The existence of socketed CPUs and the component upgradeability of PCs was the bedrock upon which enthusiast computing sites like HEXUS were formed. PCs have been readily customisable, tinker friendly and upgradeable in nearly every way for about 30 years. Could the ability to readily swap out your Intel CPU be hobbled in the not-too-distant future? According to a leaked roadmap from Intel, uncovered by Japanese computer website PC Watch, the answer is yes.
The rumour suggests that Intel’s Haswell line of processors are the last that will be available in a socketed processor package. The successor to Haswell, known as Broadwell, will only be available in BGA or ball-grid-array variants says the Japanese PC Watch website. If these future BGA chips are anything like current BGA processors then they will only be available fixed onto a motherboard using small balls of solder, as the BGA acronym indicates. Some sites suggest that the BGA move could help reduce thermals and also factor thickness; good for portables.
The balls of a BGA chip
As Intel are aiming for the lower power consumption and small form factors that ARM processors are currently found within it seems like some of the socket interchangeable flexibility will have to be given up. PC Watch also says that Broadwell will have the platform controller hub as part of the processor package which moves it closer to SoC territory.

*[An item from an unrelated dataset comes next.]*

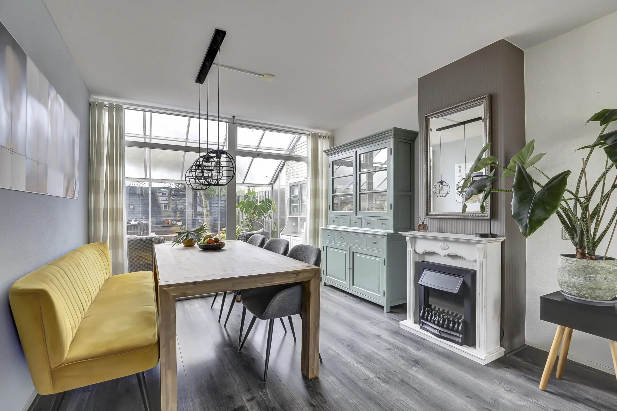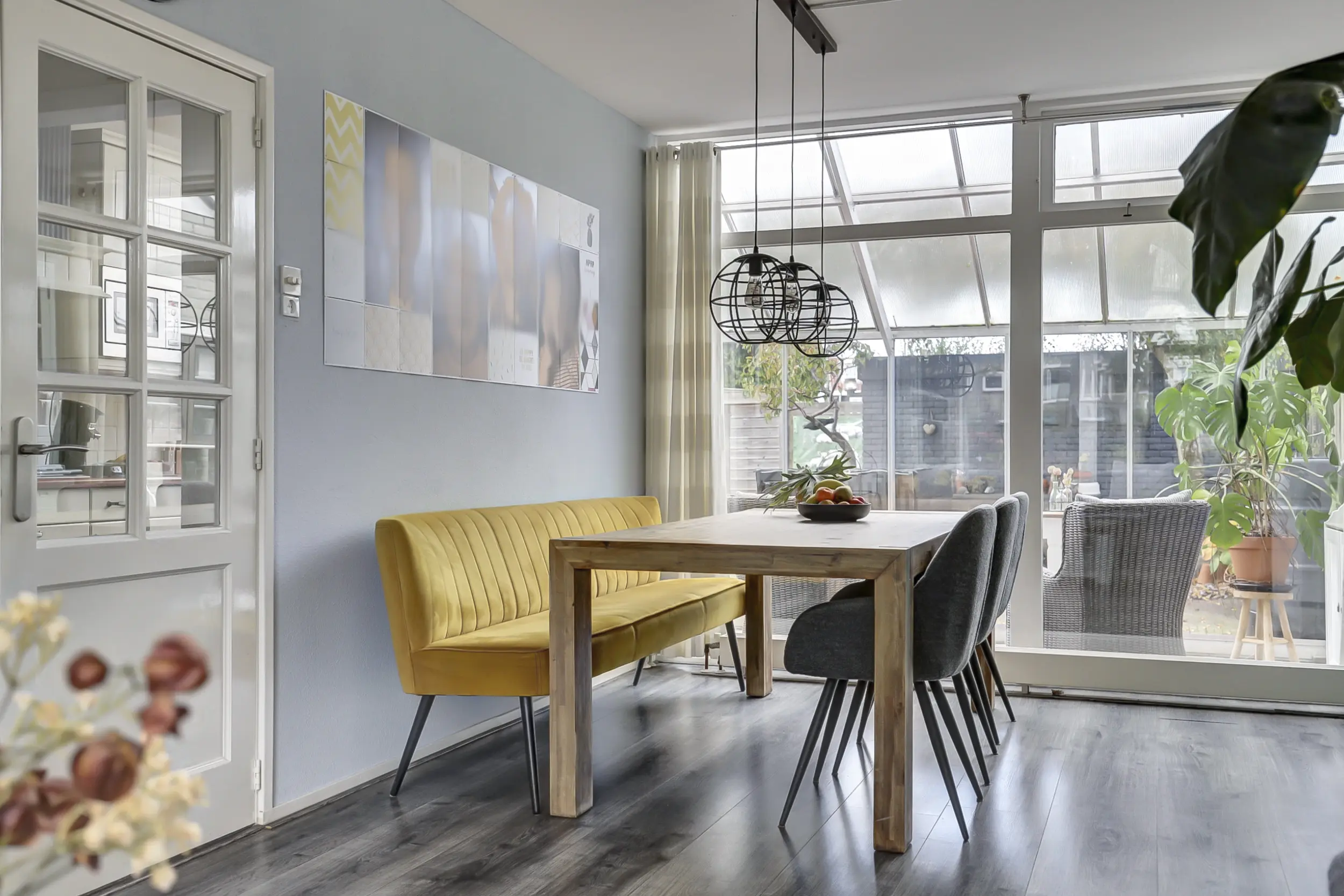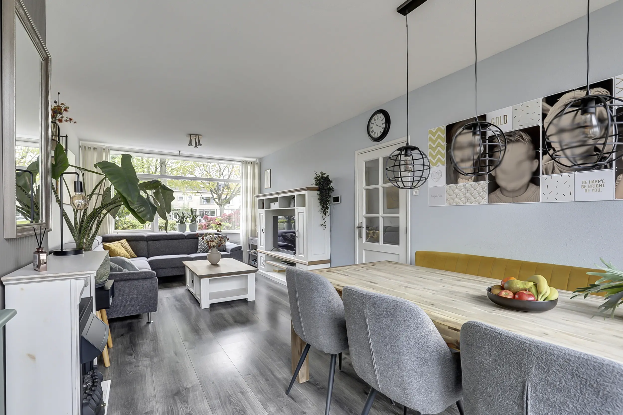 De sfeervolle woonkamer is heerlijk licht dankzij de grote raampartijen en biedt een fraai uitzicht over het groene plantsoen aan de voorzijde. Hier kunt u fijn tot rust komen. Aan de voorzijde is een zonnescherm aanwezig. Aan de achterzijde heeft u zicht op de serre en de achtertuin. De vloer is afgewerkt met een mooie laminaatvloer.

Though I have never actually upgraded a CPU on any PC I have made since 1990, it’s nice to have the future option and I sometimes have planned to do a CPU upgrade. In the end I usually decide to replace the whole of my PC’s innards or just the whole PC. That’s going to happen again soon!
This rumour from Japan might just be part of a bigger picture which does include socket interchangeable CPUs from Intel. It’s hard to know the truth but it’s still interesting to see what might be being planned. As usual all will be revealed in time.